Creating Your Own Scenario
A WorldSim scenario is just a folder with four ingredients. The simplest way to start is to copy evaluation/scenarios/water-rationing/ and adapt it.
my-scenario/
├── scenario.json # agents + trigger + timing
├── rules/
│ ├── base-rules.json # rules active from tick 1
│ └── trigger-rules.json # rules loaded when the shock fires
├── expected.md # (optional) qualitative rubric for evaluation
└── index.ts # runner that wires engine + plugins1. scenario.json — the "script"

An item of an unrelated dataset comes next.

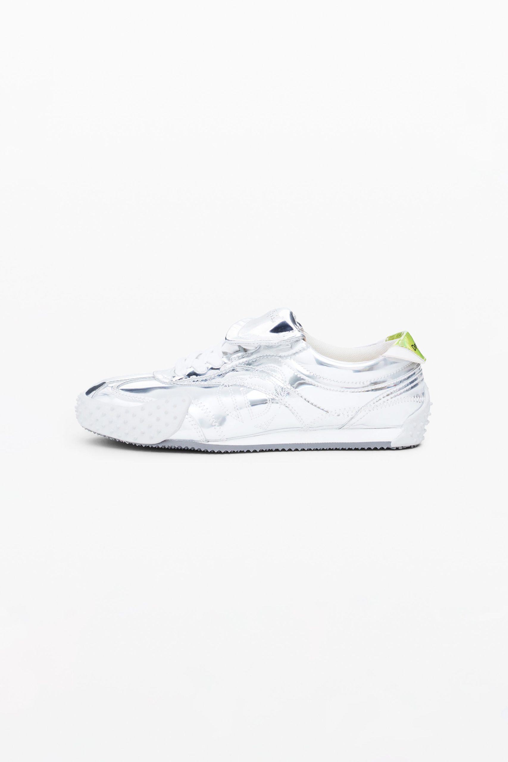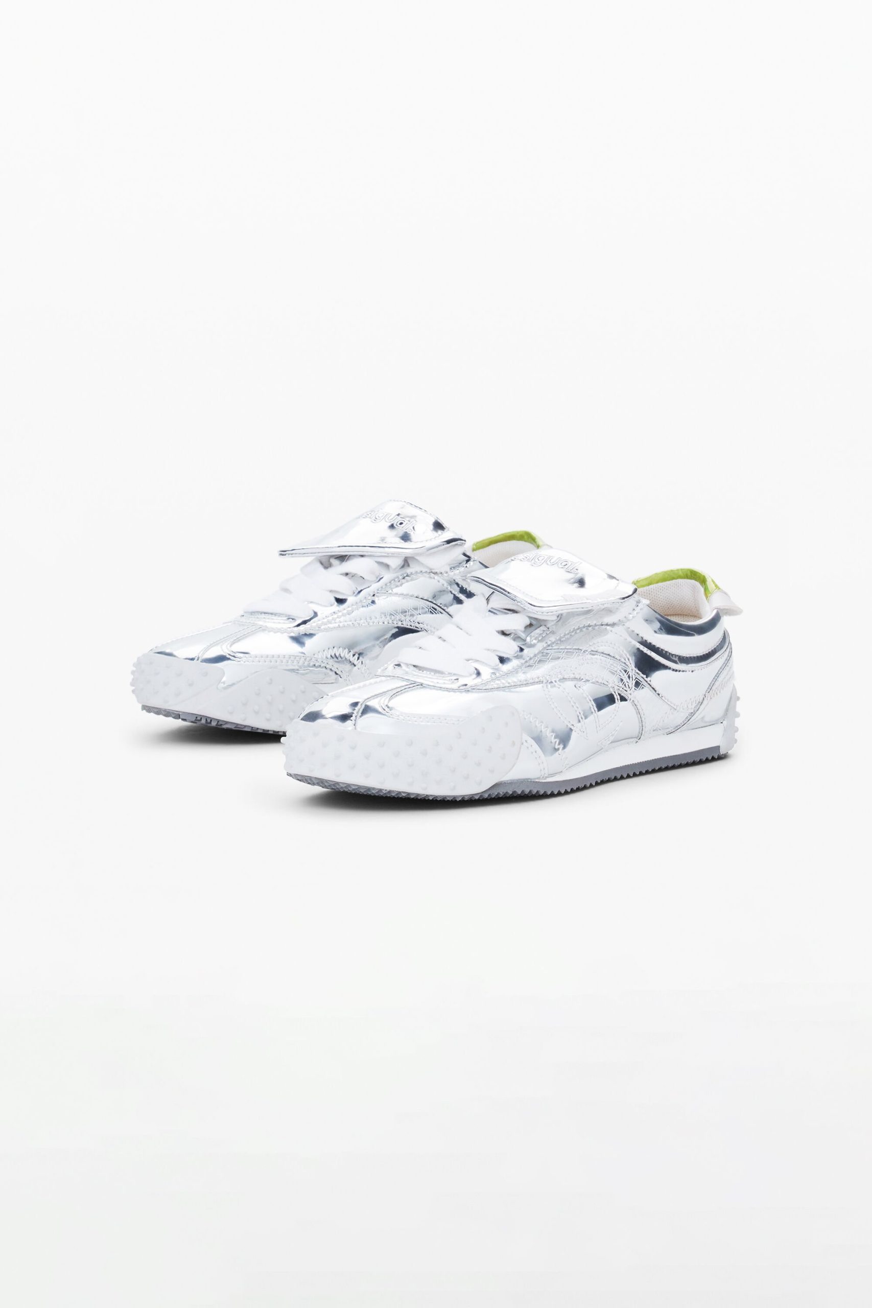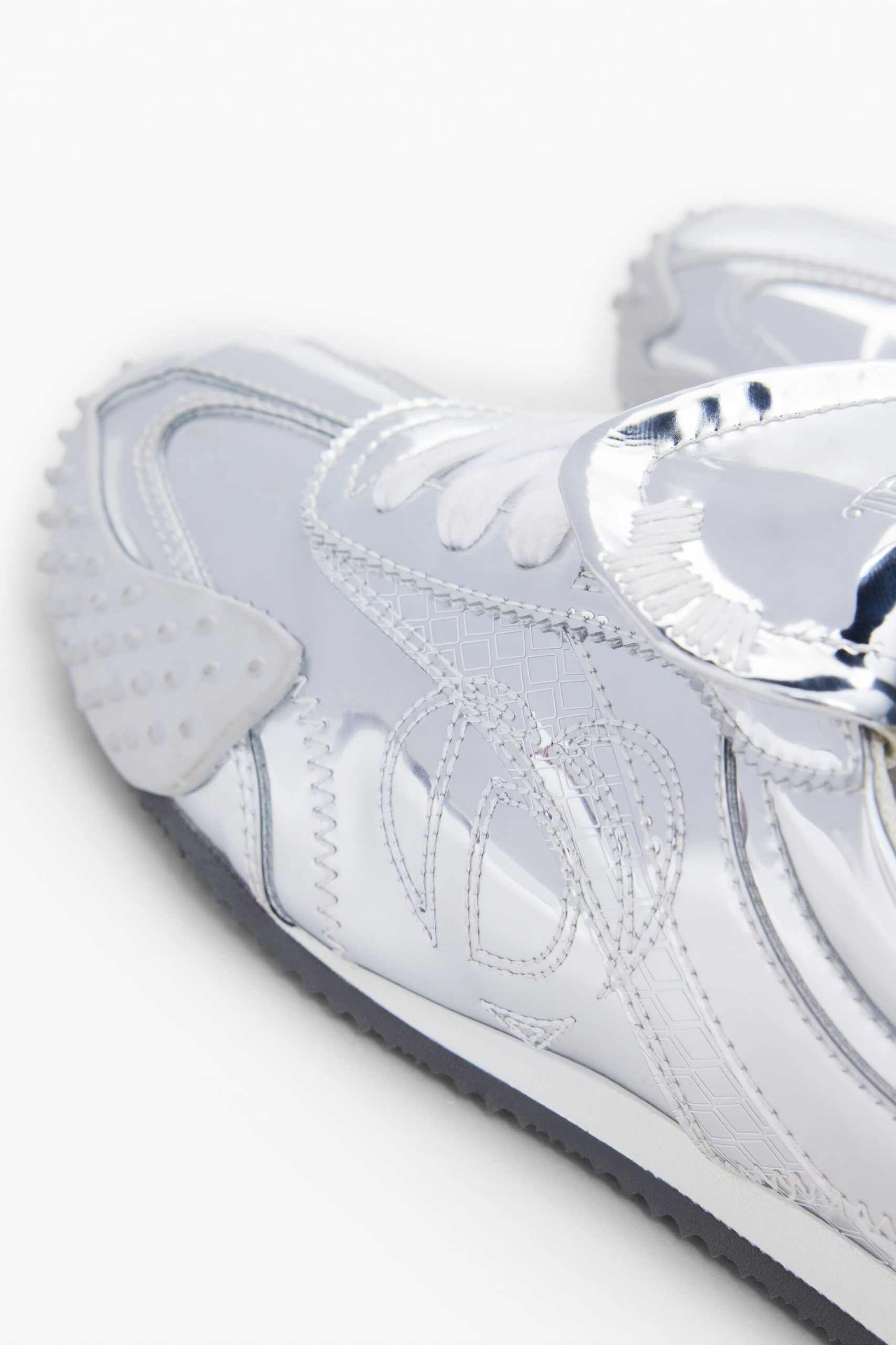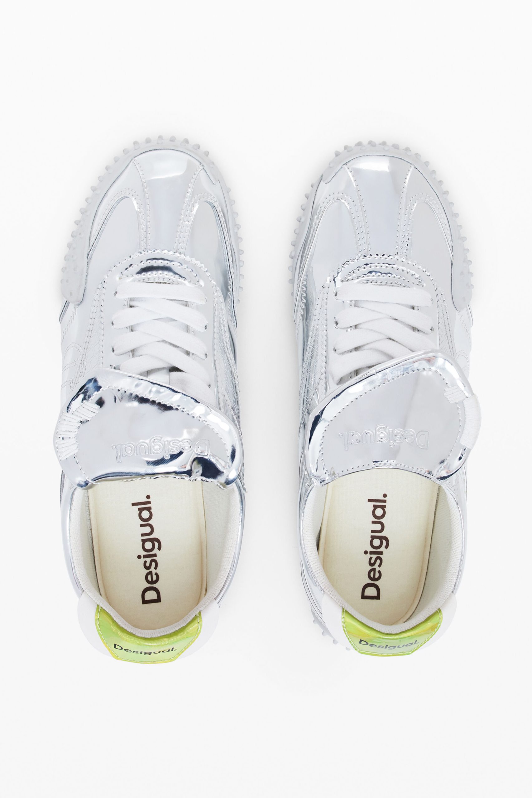 Low-top sneakers with vintage aesthetic, contrasting embroidered details, and maxi tongue

A declarative file with timing, the policy trigger, and the cast:
| Field | Purpose |
|---|---|
name, description | Human-readable identity of the run |
maxTicks | How long the simulation runs (e.g. 30) |
tickIntervalMs | Wall-clock pause between ticks (2000 for live demo, 0 for tests) |
trigger.atTick | When the disruptive event fires |
trigger.addRules | Relative paths of rule files to load at the trigger |
trigger.announcement | Broadcast text delivered to every agent |
agents[] | The list of actors |
Each agent declares its identity and — crucially — its personality:
{
"id": "maria",
"role": "person", // "person" | "control" (governance)
"name": "Maria Rossi",
"iterationsPerTick": 2, // internal LLM reasoning steps per tick
"systemPrompt": "You are Maria, a 52-year-old farmer, practical and stubborn…",
"profile": {
"age": 52,
"profession": "Farmer",
"personality": ["practical", "stubborn", "generous"],
"goals": ["Save the harvest", "Protect the family"],
"backstory": "…",
"skills": ["farming", "cooking"]
}
}The systemPrompt is where simulation quality lives: the more specific it is about tone, values and internal conflicts, the longer the agent stays in character across the run.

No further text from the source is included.